There before me, for the first
time in--well, many months, spread the Atlantic, the Caribbean
perhaps I should say, seeming very near, so near I almost fancied
I could have thrown a stone to where it began and stretched away
up to the bluish horizon, while the entrance to the canal where
soon great ships will enter poked its way inland to the locks
beside us. Across the tree-tops of the flat jungle, also seeming
close at hand though the railroad takes seven miles--and thirty-
five cents if you are no employee--to reach it, was Colon, the
tops of whose low buildings were plainly visible above the
vegetation. Not many "Zoners," I reflected, catch their first view
of Colon from the veranda of the Administration Building at Gatun.

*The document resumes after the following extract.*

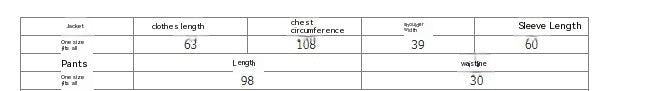 One size | 63 | 108 | 39 | 60 | 98 | 30 |
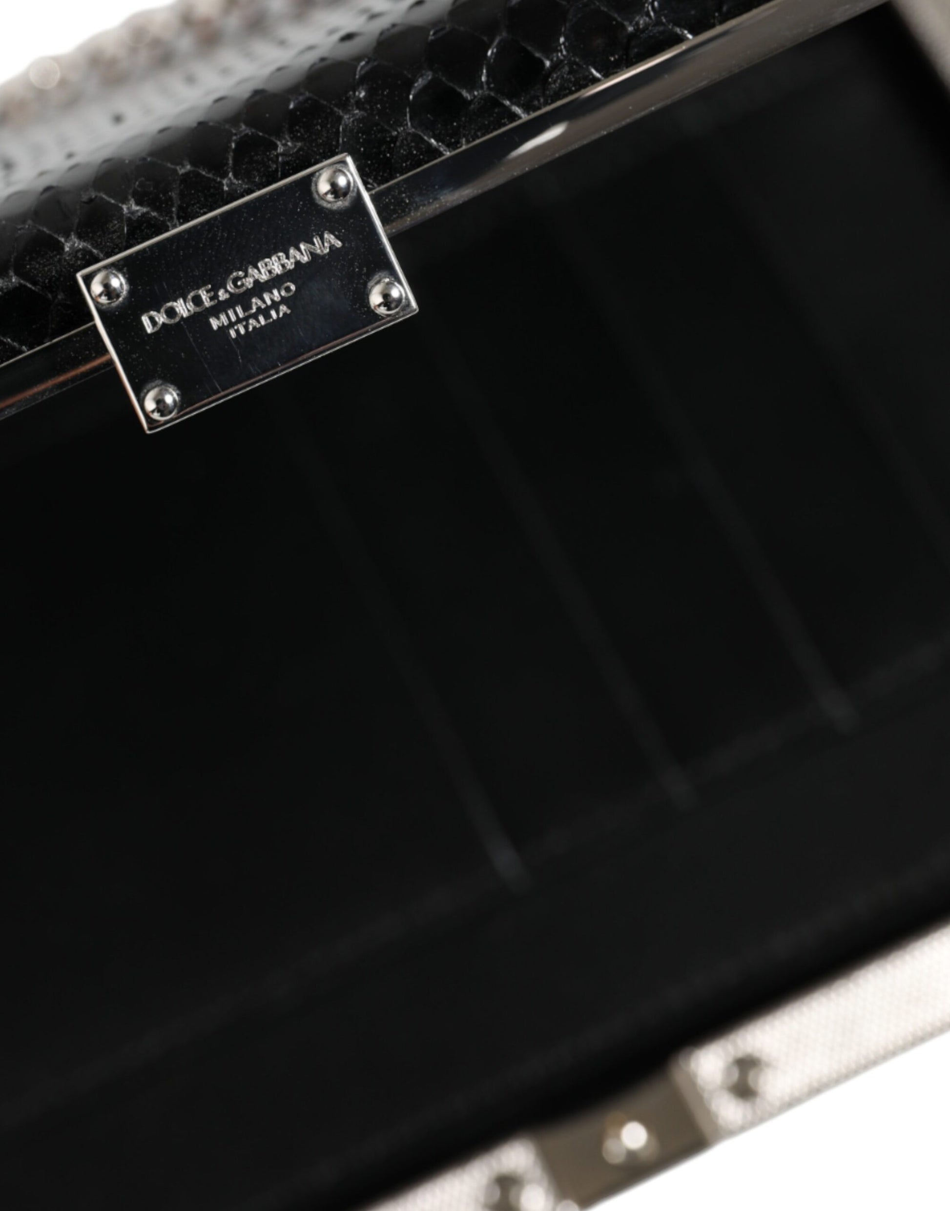 Dolce & Gabbana Black Leather Silver Frame Clutch Mini Crossbody Bag

We had arrived with time to spare. Fully an hour we loafed and
yarned and smoked before a whistle blew and long lines of little
figures began to come up out of the depths and zigzag across the
landscape until soon a line of laborers of every shade known to
humanity began to form, pay-checks in hand; its double head at the
pay-windows on the two sides of the veranda, its tail serpentining
off down the hillside and away nearly to the edge of the mammoth
locks. Packs of the yellow cards of Cristobal district in hand--a
relief to eyes that had been staring for days at the pink ones of
Empire--we lined up like birds of prey just beyond the windows.